From the line containing "Verksamhetsberättelsen studeras av" to the last line of the data below, copy everything exactly and nothing else; pictures stay out.

───── Data records

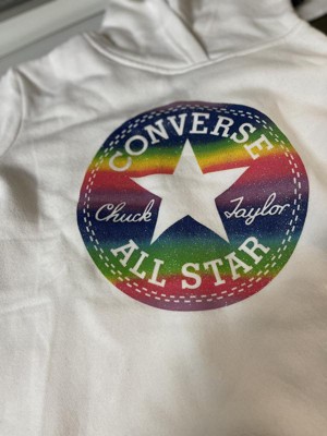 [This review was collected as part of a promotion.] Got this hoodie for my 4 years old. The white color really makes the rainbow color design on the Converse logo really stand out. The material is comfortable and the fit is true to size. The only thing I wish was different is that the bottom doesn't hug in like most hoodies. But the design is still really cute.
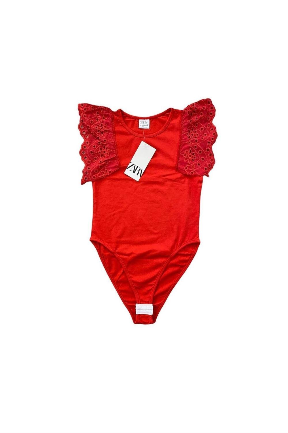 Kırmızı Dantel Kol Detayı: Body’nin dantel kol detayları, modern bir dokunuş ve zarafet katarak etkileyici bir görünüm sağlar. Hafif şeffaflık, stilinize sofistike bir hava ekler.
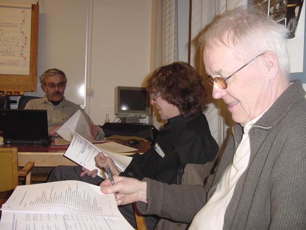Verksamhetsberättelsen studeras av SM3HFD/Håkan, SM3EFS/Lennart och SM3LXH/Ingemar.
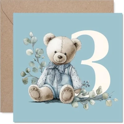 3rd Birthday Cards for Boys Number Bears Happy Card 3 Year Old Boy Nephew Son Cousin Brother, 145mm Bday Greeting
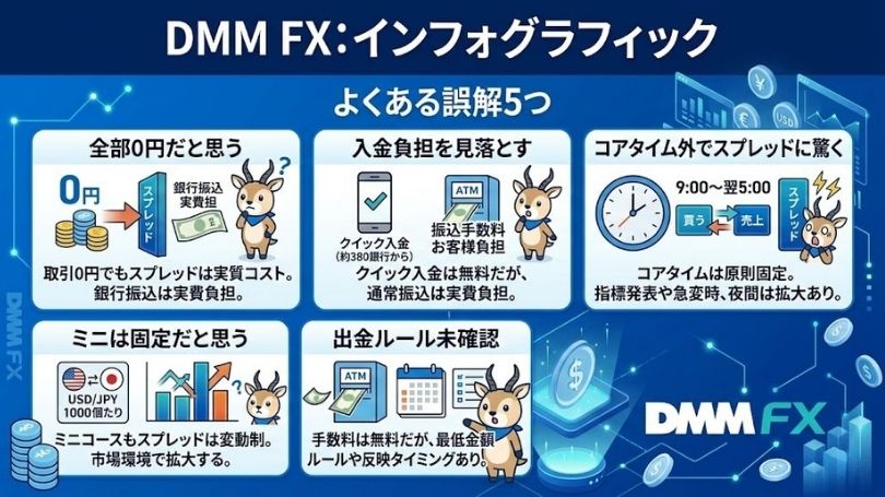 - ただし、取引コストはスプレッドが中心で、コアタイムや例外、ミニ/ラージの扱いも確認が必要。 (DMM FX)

──────────

» Answer for the task
Verksamhetsberättelsen studeras av SM3HFD/Håkan, SM3EFS/Lennart och SM3LXH/Ingemar.
 3rd Birthday Cards for Boys Number Bears Happy Card 3 Year Old Boy Nephew Son Cousin Brother, 145mm Bday Greeting
 - ただし、取引コストはスプレッドが中心で、コアタイムや例外、ミニ/ラージの扱いも確認が必要。 (DMM FX)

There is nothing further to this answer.